PRI pierde votos y responde a golpes: Sheinbaum atribuye violencia de Alito y cercanos a la frustración por su decadencia

  • La Presidenta Claudia Sheinbaum sostuvo que las agresiones protagonizadas por Alejandro Moreno y personajes cercanos al PRI tienen raíces en viejas prácticas del partido; ante su pérdida de respaldo, afirmó, “hay mucha frustración” y llamó a no caer en provocaciones.

Menos respaldo político y más episodios de violencia. La presidenta Claudia Sheinbaum Pardo vinculó las recientes agresiones protagonizadas por dirigentes y personajes cercanos al PRI con las viejas prácticas que acompañaron históricamente al partido y sostuvo que, detrás de los golpes, existe también una explicación política: la frustración provocada por la pérdida creciente de apoyo ciudadano.

Durante La Mañanera del Pueblo, la mandataria puso como referencia al dirigente nacional priista, Alejandro “Alito” Moreno, y recordó episodios de confrontación física protagonizados por integrantes o personajes vinculados al tricolor. Para Sheinbaum, la violencia no representa únicamente un exceso individual, sino una conducta que encuentra antecedentes en la cultura política de sectores que durante décadas recurrieron a la intimidación y a grupos de choque.

“Ese es el origen de ellos”: Sheinbaum remonta la violencia a las viejas prácticas del PRI

Para explicar su postura, la Presidenta recuperó una experiencia de su etapa universitaria. Relató que su hermano fue golpeado por “porros” de la Facultad de Derecho después de intervenir en defensa de una estudiante que recibía comentarios ofensivos.
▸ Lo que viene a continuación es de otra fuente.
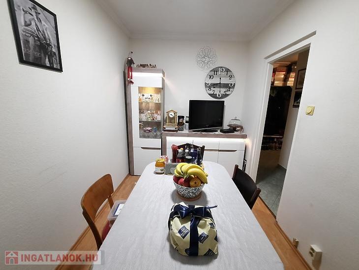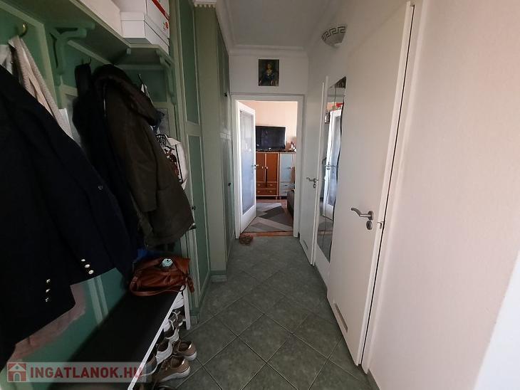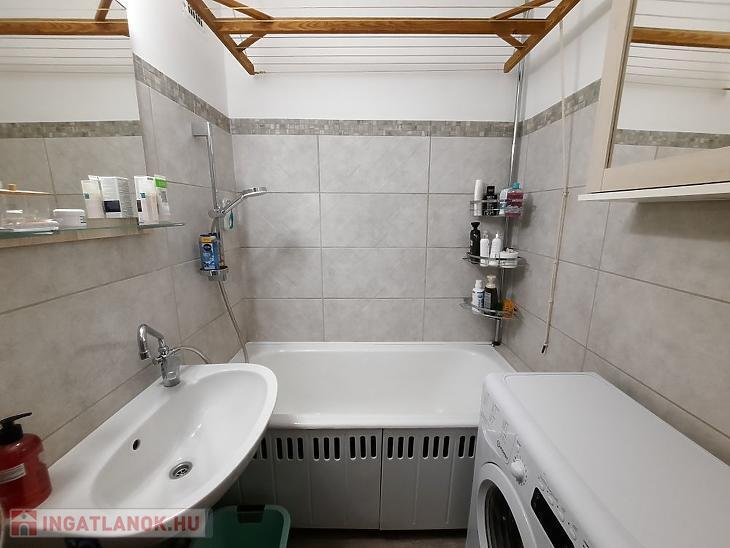 A közlekedő, konyha, fürdőszoba+ wc járólapos, a szobákban laminált parketta található. A fürdőszoba 2 éve felújított, a konyhabútor megkímélt állapotú, és a vételár részét képezi a tűzhellyel és a sütővel. A lakásban két darab hűtő-fűtő klíma gondoskodik a kellemes hőmérsékletről télen-nyáron. A lakás tehermentes!

La mandataria utilizó aquel episodio para establecer un paralelismo con formas de actuación política que atribuyó al origen de actuales dirigentes priistas.
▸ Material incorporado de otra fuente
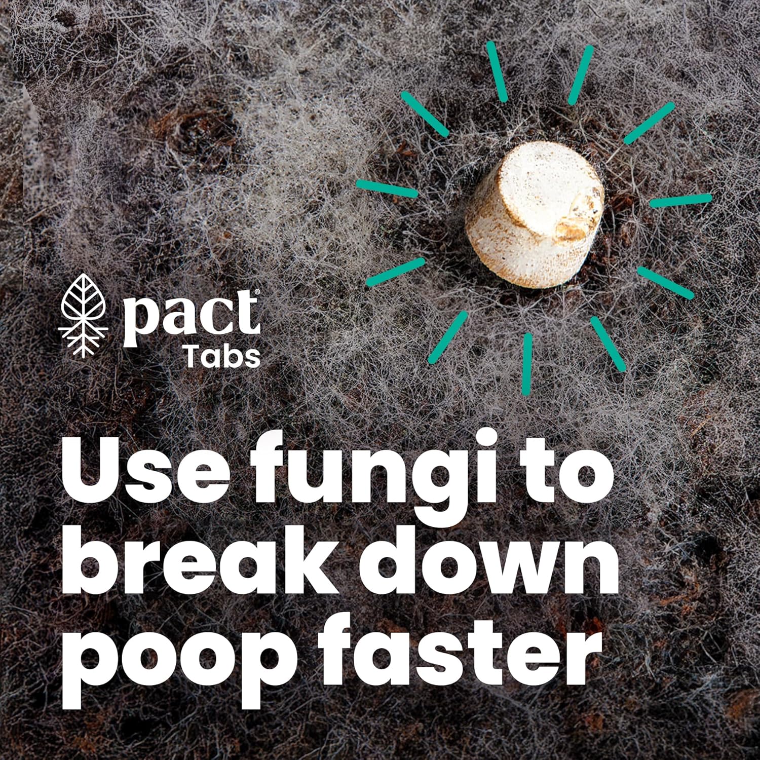 PACT Tabs use mycelium from fungi to naturally break down poop faster and kill harmful bacteria.

“Ese es el origen de ellos, se puede ver la historia del dirigente del PRI, está en muchos lugares de las redes sociales”, afirmó.
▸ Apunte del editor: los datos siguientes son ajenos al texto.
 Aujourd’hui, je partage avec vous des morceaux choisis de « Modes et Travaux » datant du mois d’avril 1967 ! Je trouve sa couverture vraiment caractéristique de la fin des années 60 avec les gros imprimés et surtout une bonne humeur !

Sheinbaum relacionó esas prácticas con Alejandro Moreno y su círculo político, al recordar episodios de confrontación física registrados en espacios legislativos, entre ellos el protagonizado por el dirigente priista con Gerardo Fernández Noroña, así como otra agresión contra el diputado morenista Arturo Ávila.

El señalamiento presidencial apuntó así hacia una diferencia de fondo entre una vieja cultura política basada en la provocación y el choque físico y el momento actual, en el que, sostuvo, las diferencias deben resolverse mediante el debate y el diálogo.

El PRI pierde respaldo y crece la frustración, señala la Presidenta

Sheinbaum fue más allá de los episodios individuales y colocó el comportamiento de los dirigentes priistas frente a la pérdida de respaldo político del partido.

La Presidenta sostuvo que el deterioro de su apoyo ciudadano ha generado frustración entre algunos de sus dirigentes, una reacción que, afirmó, termina trasladándose al terreno de las agresiones.

“Hay mucha frustración porque el PRI cada vez tiene menos apoyadores, entonces pues es una frustración personal que se manifiesta en golpes y no debe de ser esto, hay que buscar el diálogo”, dijo.

El planteamiento conecta la decadencia electoral del PRI con el endurecimiento de las conductas de algunos de sus principales cuadros: frente a un escenario político distinto y una reducción de su respaldo, Sheinbaum llamó a sus dirigentes a abandonar las confrontaciones físicas y asumir que las diferencias políticas se procesan mediante argumentos, no mediante golpes.

De Alito a los conatos en el INE: llamado a no caer en provocaciones

La mandataria recordó que los episodios de tensión no se han limitado al Congreso. También hizo referencia a conatos recientes registrados en el Instituto Nacional Electoral (INE) y pidió evitar que las confrontaciones escalen.

Su mensaje estuvo dirigido particularmente a quienes sean objeto de provocaciones: no responder con la misma conducta ni permitir que una disputa política termine convertida en violencia física.

Para Sheinbaum, caer en ese terreno significaría precisamente seguir el juego de quienes recurren a la provocación como herramienta política.

La Presidenta sostuvo que México atraviesa un momento político diferente, en el que debe prevalecer la discusión pública, incluso cuando existan diferencias profundas entre fuerzas políticas.

Su diagnóstico sobre el PRI fue directo: las prácticas violentas tienen antecedentes en una vieja forma de ejercer la política y hoy se combinan con la frustración provocada por un partido que pierde respaldo ciudadano. Frente a ello, insistió, la respuesta debe mantenerse en el terreno del diálogo, el debate y el rechazo a cualquier forma de violencia.